The sheer, simple grief in his voice moved me. I was seeking wisdom from the depths of time. Mother Iron had delivered me into the hands of an odd young man who quite literally saw himself as the warden of those depths.
We had arrived at the gallery below the temple. Light filtered in from above, but much more dimly than recent memory suggested. I looked up the ladder that led to the surface. The acolytes had built a platform over the hole in the middle of their temple yard.
I bristled. There had better flaming well be a door set in that platform, or they’d see some divine wrath.
“We keep many old secrets, but those are our core.” Archimandrix sounded despondent now. He looked up, following my gaze. “You will need us soon. I am sure of it.”
I of all people understood the weight of history, but I was not ready to submit myself to the depressed recollections of this holdout from another age. He was probably right. I would need them soon. But I did not need them today. Lost knowledge of ancient mines and kettle ships from another age would do little to address whatever had passed between me and Desire in the ruins of Marya’s temple. I was looking for wisdom in the fruits of the wrong tree.
Neither would this one’s metallurgy and delving relieve me from Blackblood’s demands. Whatever magic these sorcerer-engineers carried with them, it had nothing to do with the Eyes of the Hills. I was certain of that much.

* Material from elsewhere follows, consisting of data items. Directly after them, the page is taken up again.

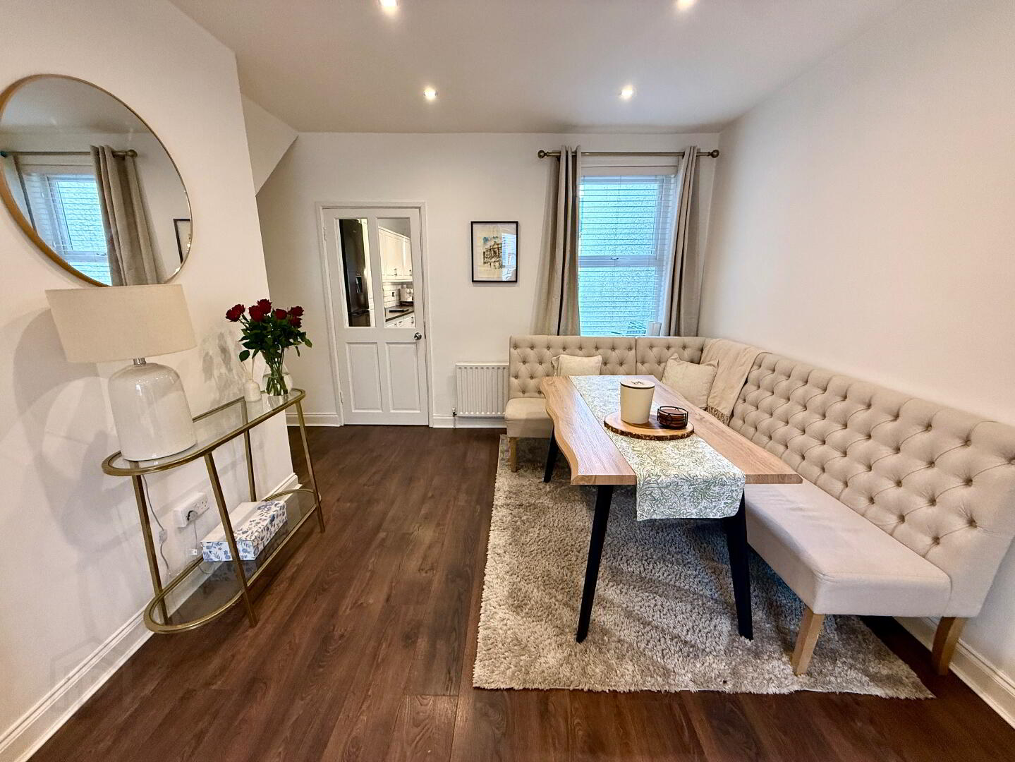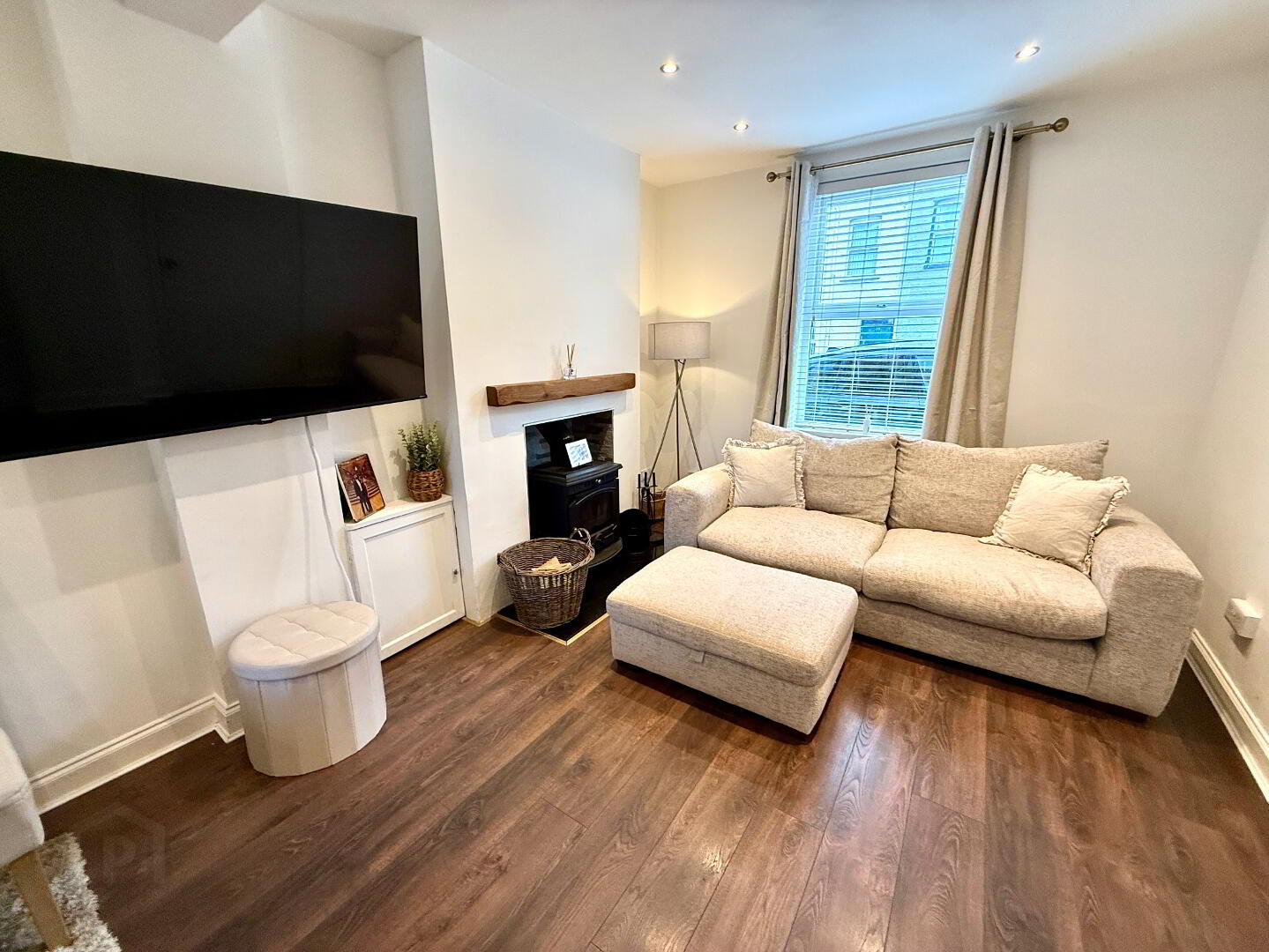 Lounge/Dining 20'5 x 13'10 (to widest points) Multi fuel stove with high output back boiler, laminated wooden floor, recessed lighting.
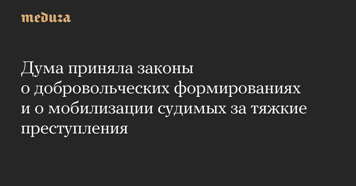 Дума приняла законы о добровольческих формированиях и о мобилизации судимых за тяжкие преступления
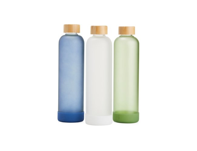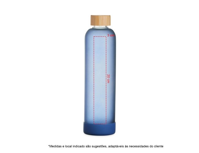 Garrafa de vidro borossilicato com capacidade de 1 litro. Contém tampa de bambu e base de silicone anti-impacto (removível).
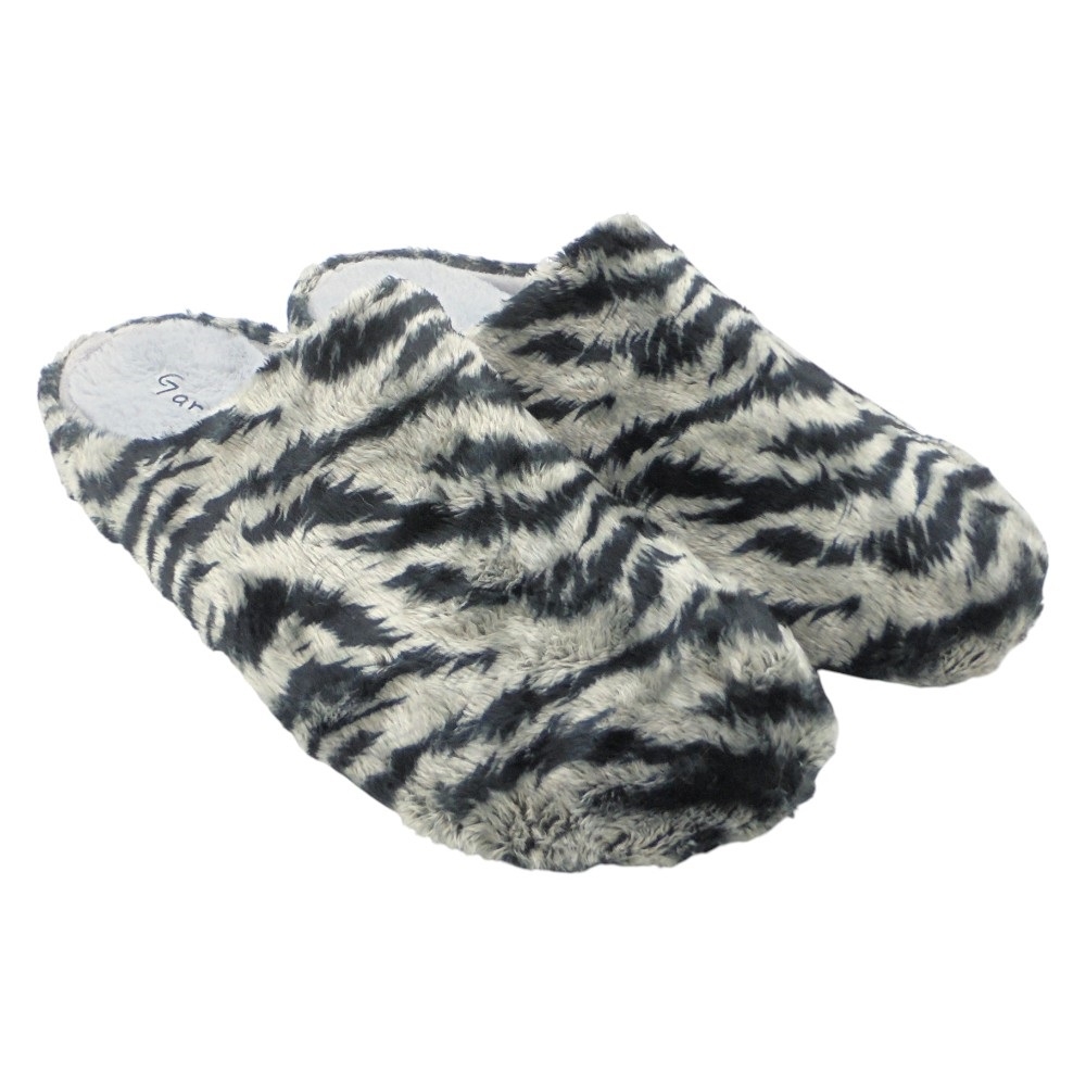 Disfruta de la suavidad y el confort del modelo 15300 de Garzón, una zapatilla de casa destalonada y plana pensada para ofrecer calidez y bienestar en cada paso. Su tejido exterior de pelo con estampado tipo cebra aporta un estilo moderno y original, sin renunciar a la comodidad característica de la marca.
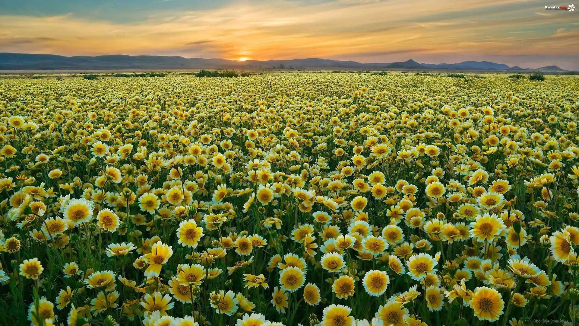 Kwiat Żółta, Gailardia Oścista, Pole, Zachód, Słońca
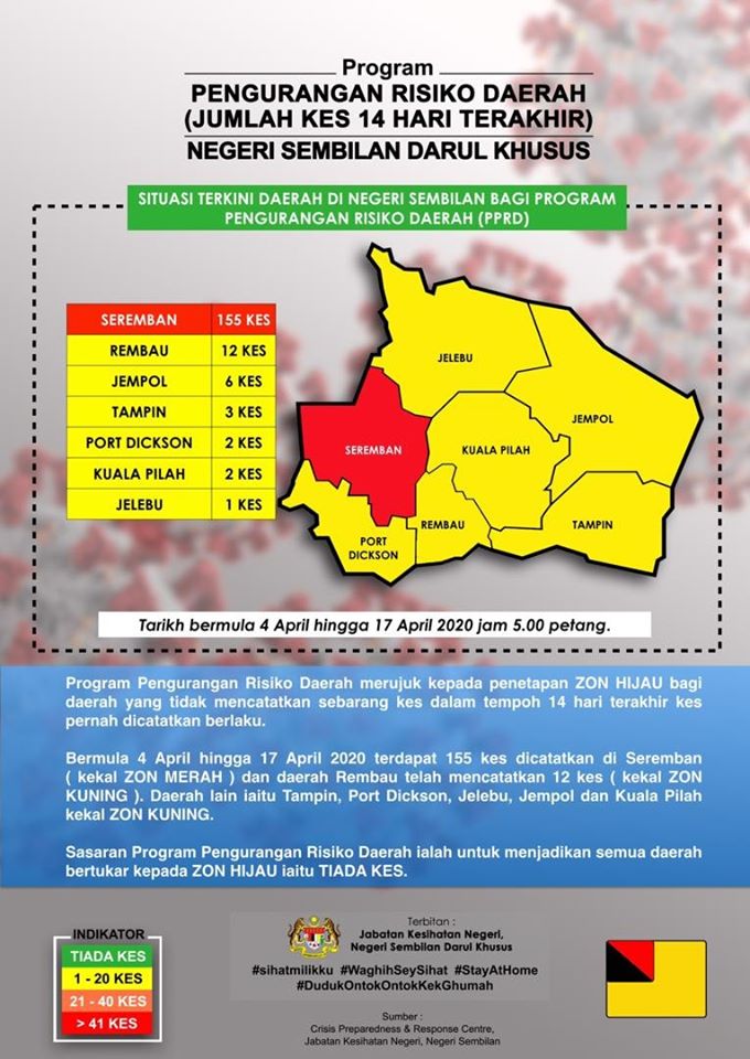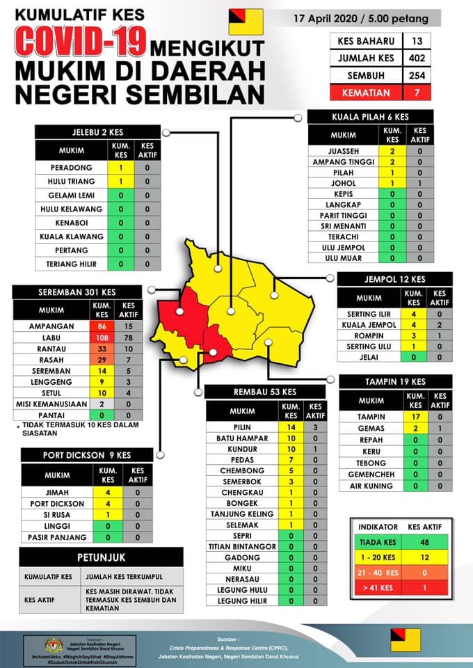 Sehingga 17 April 2020 jam 5.00 Petang, sebanyak 13 KES BARU POSITIF COVID-19 telah dilaporkan ke CPRC, JKN Negeri Sembilan menjadikan keseluruhan jumlah kes COVID-19 adalah sebanyak 402 KES.
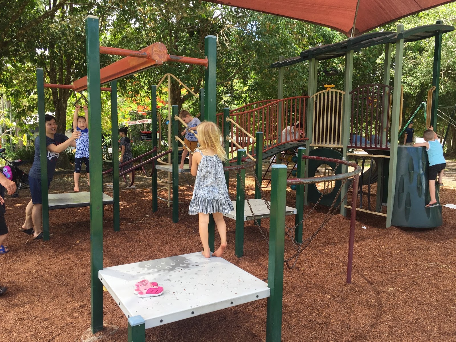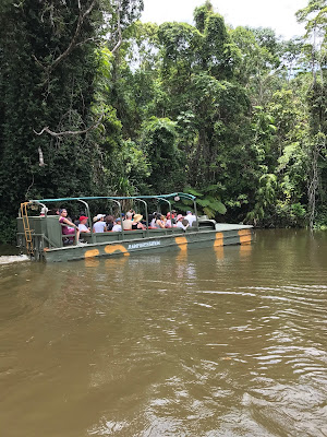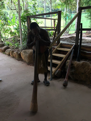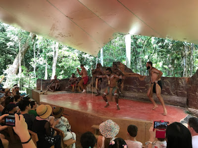 這是全世界最長的纜車,從高空俯瞰熱帶雨林,那一望無際的翠綠令人難忘。由纜車站到庫蘭達小鎮中間有兩個纜車站,我們在第一個站下了車拍照欣賞山景,但想再登上纜車時發現有一條人龍,因此為免耽誤行程就沒在第二個站下車,直接去到終點站庫蘭達小鎮。位於山中的小鎮很美,有一種獨特的藝術氣息,有很多餐廳、咖啡店、紀含品店及其他特色小店,我當然想慢慢細看,可是距離集合時間不多,所以只能匆匆走向集合點,打算回程時才慢慢閒逛,當時沒想到之後會遇到小問題。 來到集合點時還有十分鐘時間,就讓女兒在附近的小公園玩一會兒。 旅遊巴載我們去熱帶雨林公園,第一個行程就是乘坐二戰時期使用水陸兩用軍車Army Duck。這其實跟黃金海岸的鴨仔船一樣是能在路上行駛和在水中航行,但造型當然沒有那麼可愛。坐在這款軍車到叢林溼地探險,船員不時停下來講解叢林中的各種植物及生態環境,然後就將車駛到河流中,穿梭於野生河流。 坐完Army duck後就自行遊覽野生動物園,當中的袋鼠並非困在籠內,而是在遊客身邊走來走去,遊客可以近距離撫摸袋鼠和拍照,動物園內當然不止袋鼠,還有大嘴鳥、鱷魚、樹熊、蛇等等,我們還額外付費抱著樹熊拍照。 看完動物就體驗文著文化,土著先示範如何使用傳統樂器演奏,再我們使用回力鏢,每人都可以試玩擲回力鏢,連女兒也可以試玩,其後他們示範擲茅,這有一定危險性,就沒有讓遊客試玩了。最後觀賞一場土著舞蹈,表演尾聲時邀請觀眾上台跳舞,女兒也有上台跳舞啊,雖然她其實還不太懂,但表現得很開心。 看完表演就該回去庫蘭達小鎮,但我們錯過了巴士,本來以為還有團員在後面,但等了很久也不見其他人,徬徨無助之際當地的穿梭巴士職員又很熱心地協助我們,初時誤以為我們要乘坐較早班次的火車,立即用對講機聯繫,後來知道我們不用太趕時就安排我們乘坐下一班次的穿梭巴士,結果直接載我們到火車站,所以就無法再遊小鎮了。 不過能趕得上火車就好,因為這是最後一班火車,如果錯過了真的不知如何是好。

This was not divinity, nor even magic. This was tool using, elevated to a mystic rite then buried as all mystic rites are wont to be.
“How will I find you if I need you?” I fought the urge to dismiss Archimandrix and his obsession with ancient, rusted lore. It was important for me to trust Mother Iron that much, to believe that I would need this man and his guild again. She did not flow through the world as Archimandrix or I did; she might have seen a requirement years in coming, or moments away. I could only hope that I would know when.